Zulip Chat Archive

Stream: general

Topic: inspecting #reduce


Moses Schönfinkel (Jun 07 2018 at 10:09):

Is there a set_option of sorts to see what steps #reduce is going through to debug a (deterministic) timeout?

Sean Leather (Jun 07 2018 at 11:09):

I have no idea, but I did this:

$ cd lean/tests; git grep set_option

Looking around, I found these possible options:

set_option profiler true
set_option trace.elaborator_detail true
set_option trace.compiler.code_gen true

Perhaps one of those will help, or perhaps looking at lean/tests will.

Moses Schönfinkel (Jun 08 2018 at 07:47):

Thank you Sean. It seems that profiler and compiler.* pertain to #eval only. There's a little bit of information from elaborator.* in this regard, but it somewhat unsurprisingly doesn't provide much beyond how parsing transpired and how it typed the AST before sending it for reduction. Going through lean/tests doesn't yield much either. There's a secret import tools.debugger but even there are no options to look into reduce. I'll just go through the implementation, can't be that bad :P.

Sean Leather (Jun 08 2018 at 07:53):

Good luck!

library/init/meta/tactic.lean:1204:    memory allocations (in thousands) performed by 'tac'. This is a deterministic way of interrupting
library/init/util.lean:34:  This is a deterministic way of interrupting long running tasks. -/
src/shell/lean.cpp:200:    std::cout << "                     this is a deterministic way of interrupting long running tasks\n";
src/util/exception.cpp:29:    return "(deterministic) timeout";
src/util/json.hpp:7760:        deterministic finite automaton (DFA) by the tool
src/util/sexpr/options.cpp:29:    register_unsigned_option(*g_timeout, 0, "the (deterministic) timeout is measured as the maximum of memory allocations (in thousands) per task, the default is unbounded");
tests/lean/induction_generalize_premise_args.lean:8:  lemma deterministic_aux (c σ c'₁ c'₂ σ'₁ σ'₂) (h₁ : smallstep c, σ⟩ c'₁, σ'₁⟩)

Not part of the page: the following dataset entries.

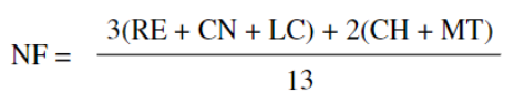 Para o curso de Odontologia, a NF é dada a partir da média ponderada de cada componente, de acordo com os pesos apresentados na Tabela 1, por:
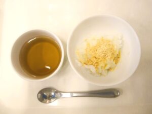 離乳食(後期)午後おやつ:きなこごはん(粥)、麦茶
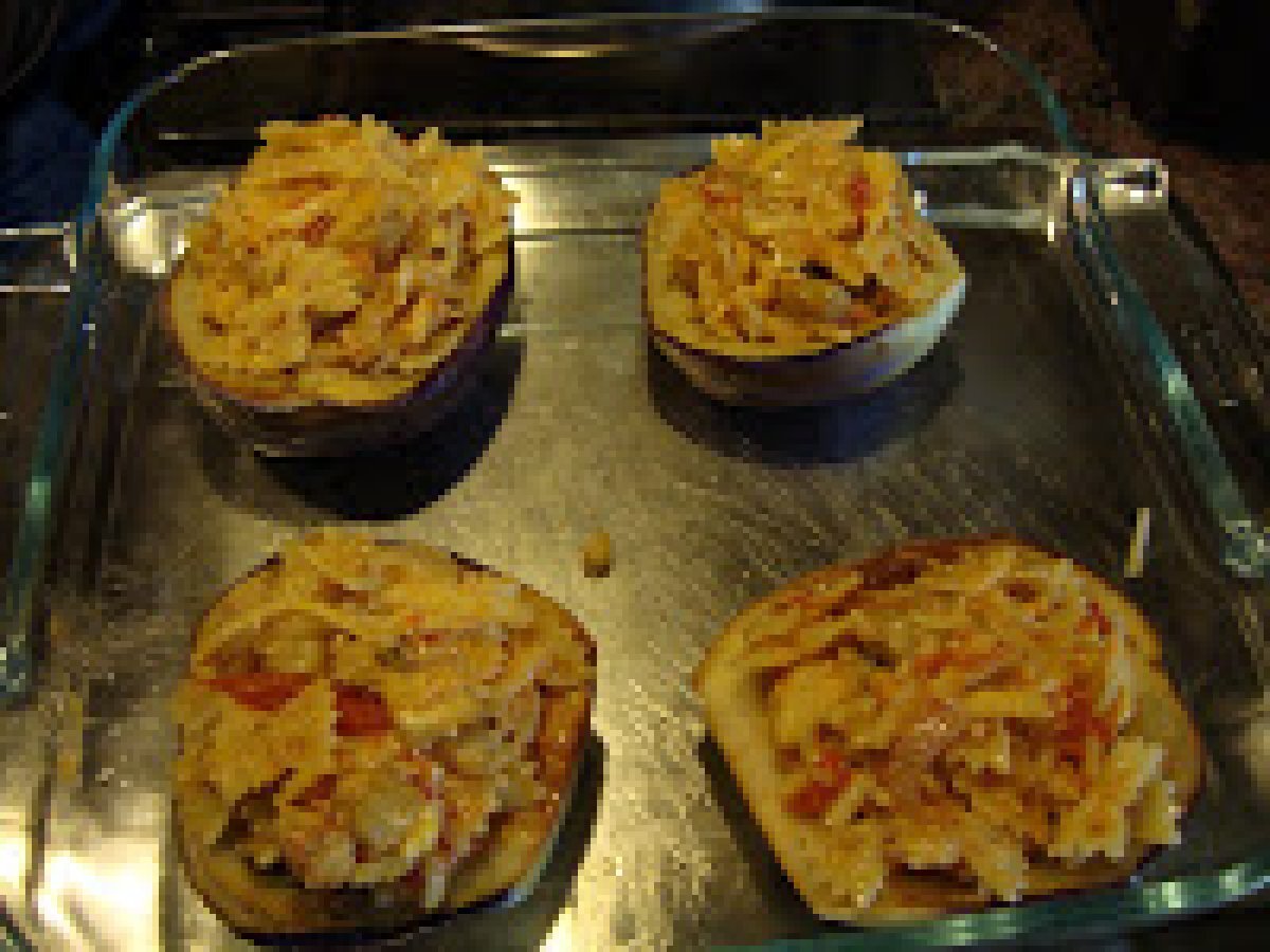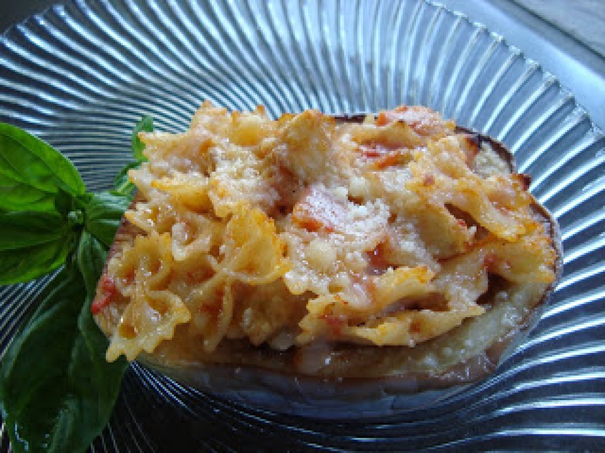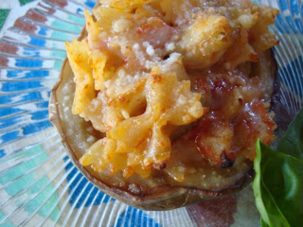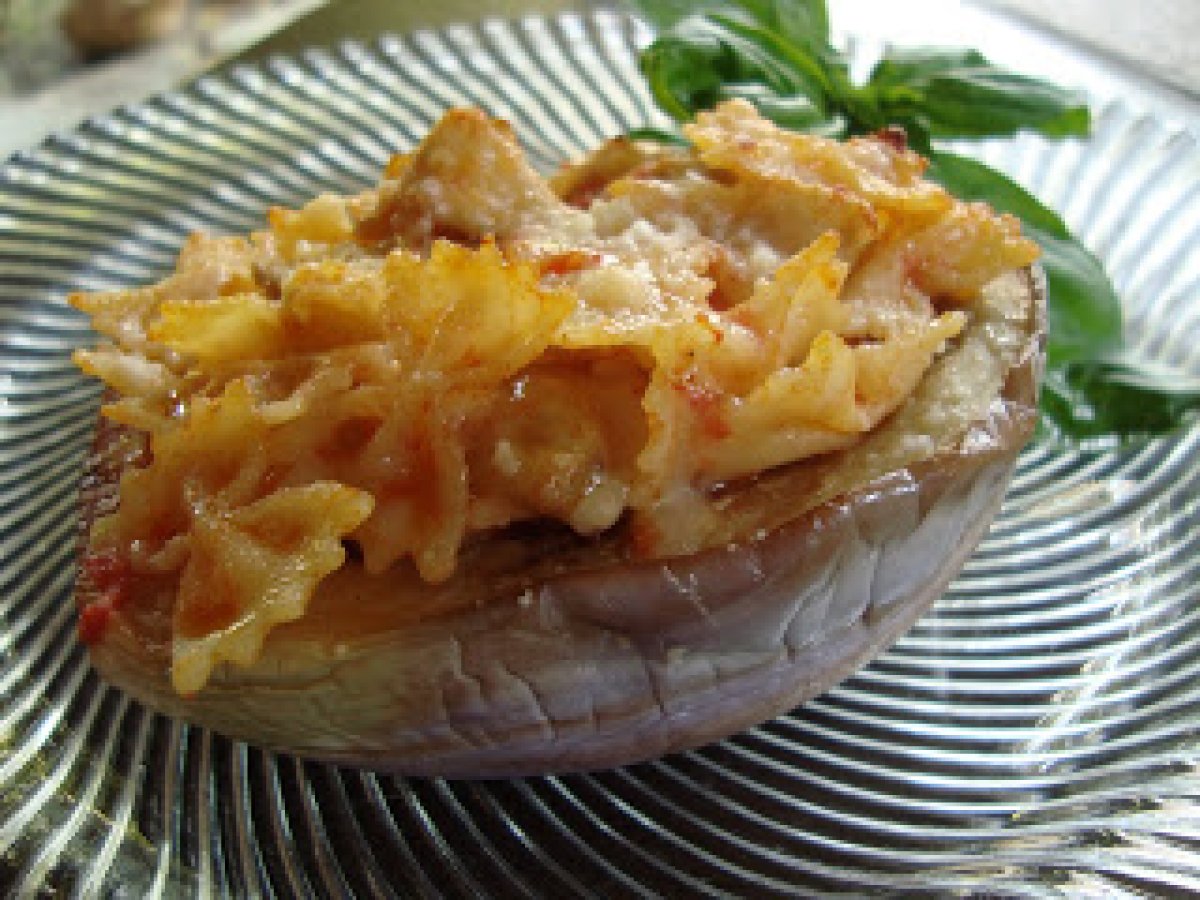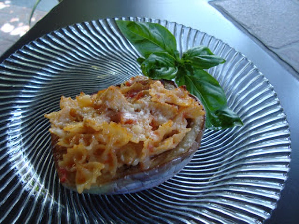 Melanzane a barchetta ripieni di pasta PrecedenteProssimo Portata principalefacile40 min Invia questa ricetta ad un amico Stampa la ricetta Contatta l'autore della Ricetta Pubblica la foto di questa ricetta Un modo diverso per preparare e servire la pasta con le melanzane. Ingredienti 2 1 melanzana grande Per le barchette 2 melanzane grandi farfalle piccole o altra pasta di vostro gradimento parmigiano grattugiato provola grattugiata sugo di pomodoro fresco olio per friggere sale
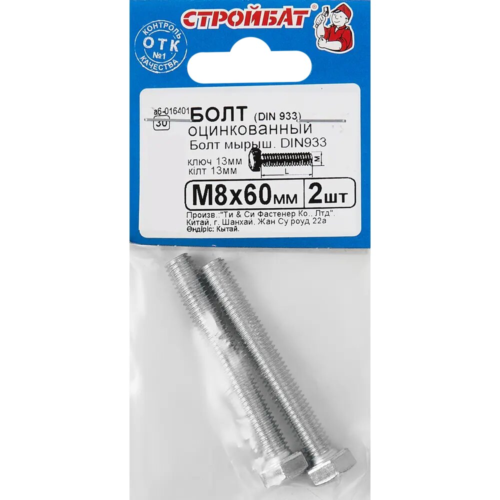 Болт Стройбат оцинкованный DIN 933 М8 х 60 2 штуки
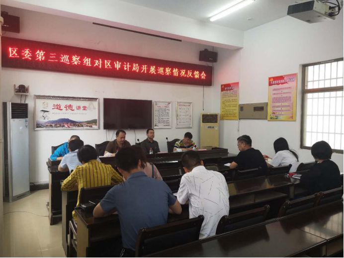2020年5月13日上午9点,在区审计局8楼会议室,召开区委第三巡察组对区审计局开展巡察情况反馈会。参加会议的人员有区委第三巡察组组长唐新,副组长周吉国,巡察组成员张灵波,区审计局班子成员及各股室负责人,会议由区审计局党组书记、局长周顺华主持。
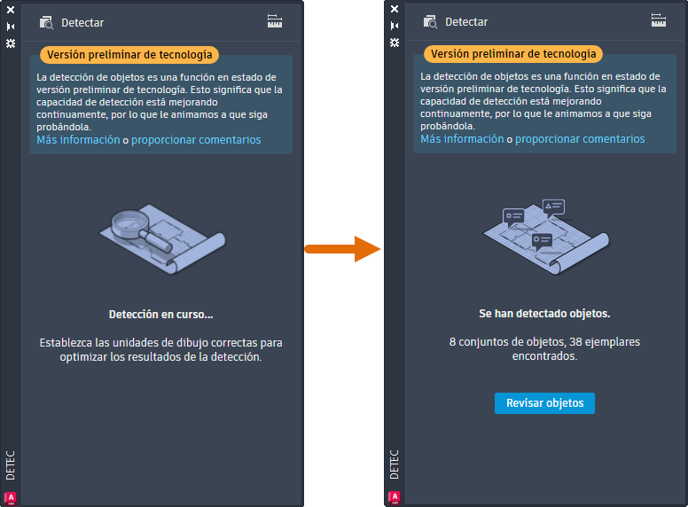 Al iniciar la detección de objetos, la geometría del dibujo se envía al servicio de aprendizaje automático de AutoCAD para su reconocimiento. Una vez que el servicio haya analizado el dibujo, la paleta le notificará si se ha detectado objetos que se puedan convertir en bloques. Para inspeccionar y evaluar los ejemplares identificados, haga clic en Revisar objetos.
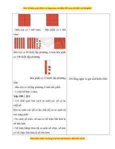 ự riêng: Tư duy và l p ậ lu n ậ toán h c, ọ mô hình hóa toán h c, ọ giao ti p ế toán h c ọ 3. Phẩm ch t ấ : - Ph m ẩ ch t ấ : yêu nư c ớ - Tích h p: ợ Toán h c và cu ọ c ộ s ng, ố T nhi ự ên và Xã h i ộ II. THIẾT B D Ị ẠY H C Ọ VÀ H C Ọ LI U Ệ 1. Đ i ố v i ớ giáo viên - Giáo án, SGK, SGV. - 3 th t ẻ răm, 10 thanh ch c ụ và 20 kh i ố l p ph ậ ư ng ơ 2. Đ i ố v i ớ h c s ọ inh M i
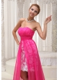 Home >  Prom Dresses >  High Low Prom Dresses > Hot Pink High-low Prom Dress For 2013 Ruched Bodice Chiffon Strapless Lace
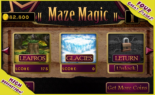 Coins are the currency of Maze Magic, and they can be used to purchase upgrades for your wizard or unlock new mazes. The list of upgrades is somewhat short, only including a new staff that shoots double spells and a few hats that can make your wizard speed up, turn invisible or attract potions. However, the bonuses are well worth it. Unlocking new mazes is an expensive purchase that will require players to repeatedly run through the same mazes to earn enough coins to try the different mazes and environments. There are four different environments total that have ten mazes apiece.
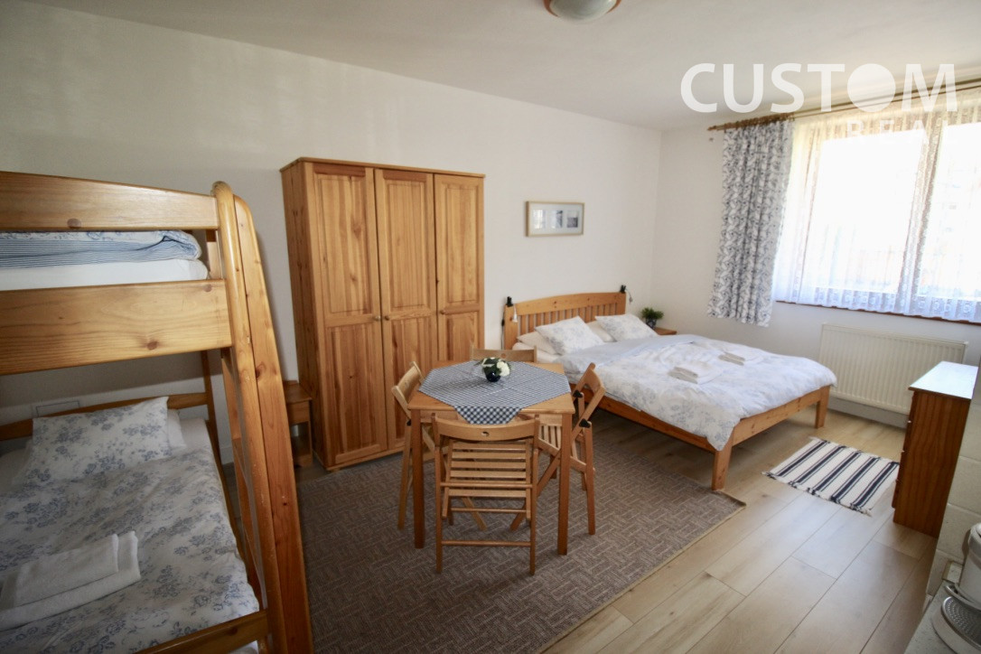 - 3 x 2-posteľové izby s prísteľkami - kuchynský kút, kúpeľňa so sprchovacím kútom a toaletou

Moses Schönfinkel (Jun 08 2018 at 07:58):

It is somewhat mysterious to me why #eval works just fine and #reduce gets stuck, even though I've been told that #reduce can get stuck on axioms such as propext - however everything I have should be perfectly computable as witnessed by #eval. Getting #reduce to work should mean that I can also use defeq to compute rfl proofs for me, which is the ultimate goal.

Gabriel Ebner (Jun 08 2018 at 08:26):

Just to confirm: there are no tools to trace the computation of #reduce (at least that I know of). Your best bet is to probably to run lean in a debugger and set a breakpoint on normalize_fn::normalize (or add a tout() << e << "\n" there).

Gabriel Ebner (Jun 08 2018 at 08:27):

however everything I have should be perfectly computable as witnessed by #eval

That's the point. #eval (VM computation) can evaluate more things than #reduce (definitional reduction).

Moses Schönfinkel (Jun 08 2018 at 09:02):

How does that conceptually make sense in pure settings? Does it have something to do with non-transitive defeq? Isn't pure computation technically just definitional reduction?

Gabriel Ebner (Jun 08 2018 at 09:15):

Can you clarify the term "pure setting"? The main area where definitional reduction can get stuck where VM computation succeeds is on terms with axioms---VM computation erases all Props and proofs, and hence does not care whether you use axioms or not. Practically speaking, there is also a big performance difference.

Moses Schönfinkel (Jun 08 2018 at 10:00):

I just wanted to avoid having to think about side-effects that can possibly influence computation as it is being executed, that's why I said "pure setting". However, VM computation erasing Props/proofs is interesting in my scenario - I think I know where it's getting stuck. I have a structure that has both x and a proof of P x - what I end up asking for is the x only. The interesting part is that if proof of P x is sorry, it reduces just fine - but I think that also makes sense.

Moses Schönfinkel (Jun 08 2018 at 10:04):

I'll fix it by using less dependent typing, thank you so much, I think I've got this :).